Bericht aus dem Süden Europas 2024 – Das sizilianische Müllproblem

Hier die Hörversion und der Beitrag auf Youtube

Ein Erfahrungsbericht für alle über ein mir sehr wichtiges Problem

Ich verbrachte zum Jahreswechsel 2023-2024 eine Weile auf Sizilien und habe dort sehr viele schöne und besondere Momente verbracht und Eindrücke gesammelt.

Die Insel Sizilien im Süden Italiens ist etwas Besonderes und eine sehr wertvolle Erfahrung für jeden Reisenden, ob allein oder mit der Familie.

Ich will mich aber auch etwas abseits der Touristenzentren auf die Entdeckerpfade mit dir begeben und von einem Problem berichten, das mir sehr stark ins Auge gefallen ist.

Und zwar geht es um das Müllbeseitigungsproblem auf Sizilien.

Ich weiß, dass dieses Thema schon seit einigen Jahren anhängig ist und auch medial kommuniziert wurde. Dieses Thema ist aber etwas in den Hintergrund gerückt und daher will ich dir neben den offiziellen Berichten meine persönliche Sichtweise und meine Erfahrungen schildern.

Dabei geht es mir nicht um Kritik oder Verurteilung, sondern um die reine und reale Darstellung der Situation und meiner Beobachtungen und Erfahrungen aus Gesprächen vor Ort.

Das Müllproblem in der Realität

Bericht aus dem Süden Europas - Das sizilianische Müllproblem

Um dieses Problem aufzuzeigen, möchte ich dir am Anfang zwei Situationen darstellen, die exakt so und exakt dort geschehen sind.

Der Schreck in der Nacht

Wir waren abends in der Stadt essen und auf dem Heimweg. 

Man fährt dort nachts im Dunklen meist ohne Straßenbeleuchtung auf kurvenreichen Landstraßen, die zum Teil eng gehalten sind, von einer Kurve in die nächste.

Wobei ich sagen muss, dass man abseits der Städte und Touristenzentren in einigen Regionen leider nicht mehr von Straßen sprechen kann, sondern von Schlaglochpisten.

Aber das ist ein Thema, das schon rein von der Infrastruktur an vielen Orten vorliegt. Süditalien ist nicht so reich wie der Norden des Landes, was man deutlich sehen kann.

Man merkt dabei, wo der Staat investiert und wo nicht.

Zurück zur Situation. 

Wir fuhren also durch die Dunkelheit und unterhielten uns normal. Da bogen wir um eine Ecke und ich sah auf einmal etwas vor mir auf der Straße liegen.

Da kein Gegenverkehr da war, wich ich aus und bremste abrupt. 

Wir sahen, bzw. vergewisserten uns, dass es ein Müllsack war, der da auf der Straße gelegen hatte. 

Ja, ein Müllsack. Wir fuhren sehr langsam weiter und sahen weitere Säcke.

Der Schreck war uns gehörig in die Glieder gefahren, aber solche Müllsäcke bzw. wilde Müllhalden findet man überall an der Straße. Das ist leider kein Einzelfall oder die Herausforderung einer einzelnen Kommune.

Man braucht vor allem im Süden der Insel nur die Städte zu verlassen und trifft auf den Landstraßen, manchmal auch an Straßenkreuzungen, auf wilde Müllhalden mit verschiedenstem Müll. Selbst beim Spazierengehen über Feldwege abseits der Hauptstraßen fand ich welche.

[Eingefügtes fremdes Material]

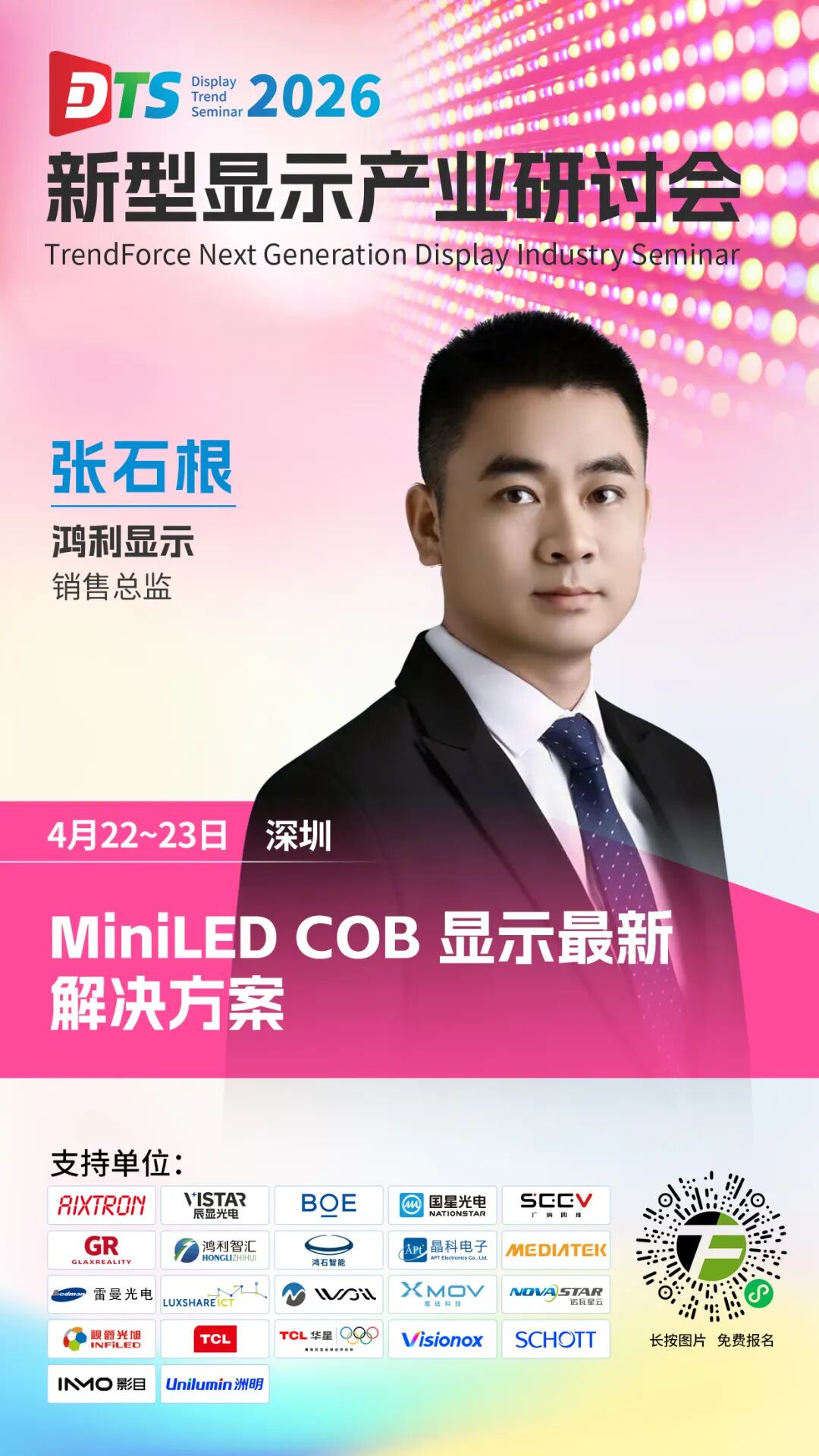 在4月22-23日举行的2026新型显示产业研讨会(DTS)上,鸿利显示销售总监张石根将以“MiniLED COB 显示最新解决方案”为题展开分享,敬请期待。

Lassen wir das einfach so stehen und sprechen gleich von der zweiten Situation.

Die Annahmeplätze

Nach einigem Durchfragen vor Ort und bei den Einheimischen bekamen wir die Information, wo und wie wir unseren Müll zu entsorgen haben.

Da wir in einem Airbnb wohnten, trugen wir selbst dafür Sorge.

Ich packte also den getrennten Müll ein und fuhr damit zum Müllplatz.

Wir hatten ermittelt, dass der Müll täglich in einem gewissen Zeitfenster an bestimmten öffentlichen Plätzen anlieferbar ist.

Dort standen auch die Container zu der Zeit und an dem Ort, den man mir genannt hatte. Aber der Anblick der Umgebung überraschte mich ziemlich.

Ich bin normal nicht pingelig, aber das hatte ich tatsächlich bis jetzt nicht gesehen und ich bin weit genug gereist, um zu wissen, dass nicht jeder das gleich empfindet.

Bericht aus dem Süden Europas - Das sizilianische Müllproblem

Aber hier wäre das wahrscheinlich jedem so gegangen.

Um die Tonnen herum lagen auf dem ganzen Feldabschnitt und seitwärts der Straße Mengen von Müll. Teilweise sogar auf der Straße. Von biologischen Abfällen über Glas und viele andere Dinge.

Ich bin Realist, um mir zu denken, dass es an einem Ort, an dem Müllcontainer unbeaufsichtigt und ohne Personal vor Ort stehen, nicht sauber und rein sein kann.

Aber dieses Beispiel war dann doch erschreckend für mich. Daher kontrollierte ich sicherheitshalber die Straße und meine Reifen bei jeder Gelegenheit, an der ich Müll zum Müllplatz gefahren habe.

Das Letzte, was ich wollte, waren Glassplitter oder anderes in den Reifen des Mietwagens.

Beobachtungen und Gespräche

Jetzt kann man sich natürlich darauf zurückziehen, dass das Touristenmüll ist. 

Bericht aus dem Süden Europas - Das sizilianische Müllproblem

Weggeschmissen von Personen, die das System nicht kennen oder damit überfordert sind.

Darüber habe ich auch nach Gesprächen mit den Einheimischen sehr intensiv nachgedacht. 

Das mag zum Teil sicher stimmen, aber diese Erklärung allein kann für mich nicht der Grund sein. Denn selbst die Einheimischen oder andere, die sich dort angesiedelt hatten, machten den Touristen grundsätzlich keine Vorwürfe.

Wir waren völlig außerhalb der Saison auf der Insel und haben im Verlaufe unseres Aufenthaltes sehr wenig andere Touristen gesehen.

Und nach der rein optischen Einschätzung war das nicht alles alter Müll, der dort herumlag, sondern auch sehr viel frischer Abfall, wie etwa Biomüll.

Tatsache ist, dass wir gesehen haben, dass es in ganz Sizilien einige Häuser italienischer Inlandstouristen gibt. Also Menschen, die nur zu bestimmten Zeiten vor Ort sind und sonst in anderen Teilen des Landes wohnen und arbeiten.

Diese Personen kennen sicher das örtlich verwendete Müllsystem. 

Aus meinen Erfahrungen in anderen Teilen Italiens weiß ich sicher, dass sich das generelle System nicht großartig unterscheidet.

Es ist sogar ähnlich zu unserem System in Deutschland und Italien ist ein Land mit einer der höchsten Recyclingquoten in ganz Europa.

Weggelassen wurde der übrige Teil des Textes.